Nehmt euch Zeit für Momo!

von Redaktion

Zum 50. Jubiläum von Michael Endes Klassiker erscheinen Hör- und Bilderbuch

VON KATJA KRAFT

Immer ist da dieses Ticken. Wir hören es nicht, weil wir es nicht hören wollen. Aber die Zeit, sie vergeht. Tick tack. Tick tack. Wieder zwei Sekunden Leben weniger. Tick tack. Tick tack. Und wieder zwei. Vor 50 Jahren hat Michael Ende sein kluges, poetisches Buch „Momo“ veröffentlicht. Untertitel: „Die seltsame Geschichte von den Zeit-Dieben und von dem Kind, das den Menschen die gestohlene Zeit zurückbrachte“. Ein halbes Jahrhundert später (tick tack, tick tack) ist dessen Botschaft wichtiger denn je. Denn die miesen grauen Männer, die uns unsere Zeit stehlen möchten, tragen heute ein neues Gewand. Nicht mehr fahl und leichenblass kommen sie daher. Nein, sie blitzen und blinken und locken uns mit Herzchen und „Gefällt mir“-Zuspruch. Sie heißen Instagram und Facebook, Snapchat, TikTok und X. Aber auch E-Mail-Programm, Smartphone, Apple Watch. Siri und Fitness-App. YouTube und WhatsApp. Hirn- und Zeitfresser auf allen Kanälen.

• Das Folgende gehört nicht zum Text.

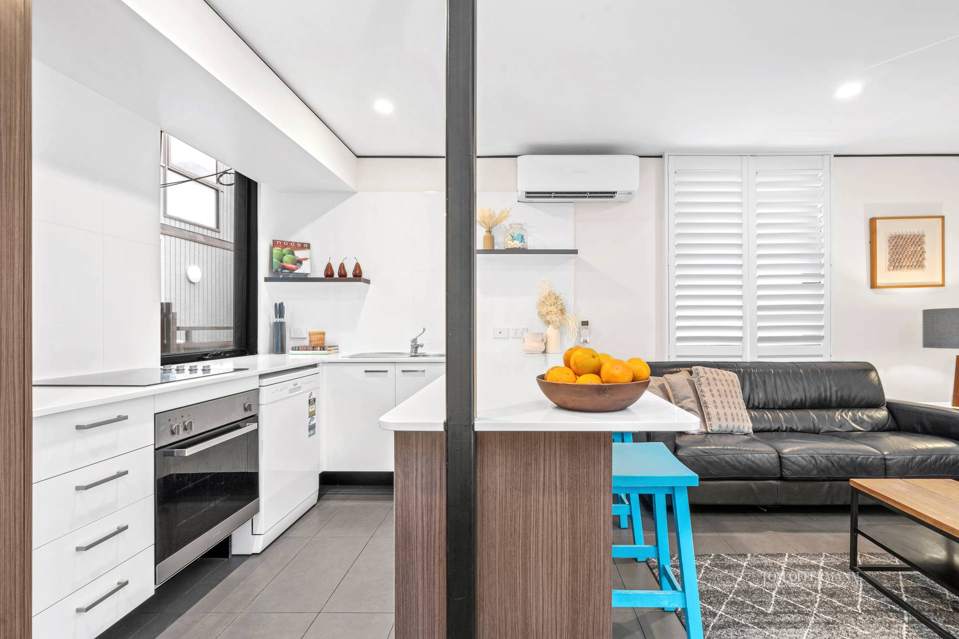 • About: 2-level; refreshed throughout; open plan living/dining upper-level w nth/east-facing 2.1m x 5m terrace; 2 bedrooms w ensuites & built in robes;, laundry & store room; aircon/fans; U-shaped kitchen w stone-topped 2-pac/timber fronted cabinetry incl semi-island/breakfast bar; bar stools, full size pantry, latest appliances & kitted out for visitors / holidaymakers.

Deshalb jetzt mal alle Maschinen stopp – und noch etwas in Vergessenheit Geratenes tun: wie das Mädchen Momo aufmerksam und ohne jede Ablenkung zuhören. Zugegeben, eine Maschine muss man dafür doch einstellen. Den CD-Player. Denn heute erscheint das liebevoll arrangierte neue Hörspiel „Momo“. Regisseur Robert Schoen hat die alte Geschichte nur geringfügig gekürzt und mit großartig ausgewählten Sprecherinnen und Sprechern inszeniert.

Sobald Friedhelm Ptok als Erzähler beginnt, wird einem warm ums Herz. Die erst elfjährige Paula Drescher begeistert in der Hauptrolle. Sie ist eine aufgeweckte, einfühlsame und ganz schön mutige Momo. Andreas Fröhlich ein sanfter Meister Hora. Und weil das alles zusätzlich von Tobias Unterbergs träumerischen Kompositionen unterlegt und ergänzt wird, müssten schon wirklich ausgebuffte graue Herren daherkommen, damit man gedanklich abschweifte.

Am 1. September 1973 ist „Momo“ einst erschienen. Seither hat sich Endes Roman mehr als zwölf Millionen Mal und in 53 Sprachen verkauft. Kleine und große Hörer ab zehn Jahren wissen, warum. Im Grunde kann man all die Ratgeberbücher dieser Welt in eine große Tonne schmeißen – in „Momo“ ist alles notiert, was uns gehetzte, ausgebrannte, daueraktive Möchtegern-Multitask-Experten erdet. Mehr Langsamkeit wagen, auch: mehr Langeweile. Einander ehrlich zugewandt sein. Weniger tippen, mehr streicheln. Weniger fotografieren, mehr sehen. Weniger sharen, mehr teilen. Und darauf vertrauen, dass die Welt nicht untergeht, wenn das WLAN versagt. Fun Fact: Sie geht auf. Kopf hoch und erleben. Tick tack. Tick tack.

Robert Schoen:

„Momo – Das Hörspiel“ (Silberfisch).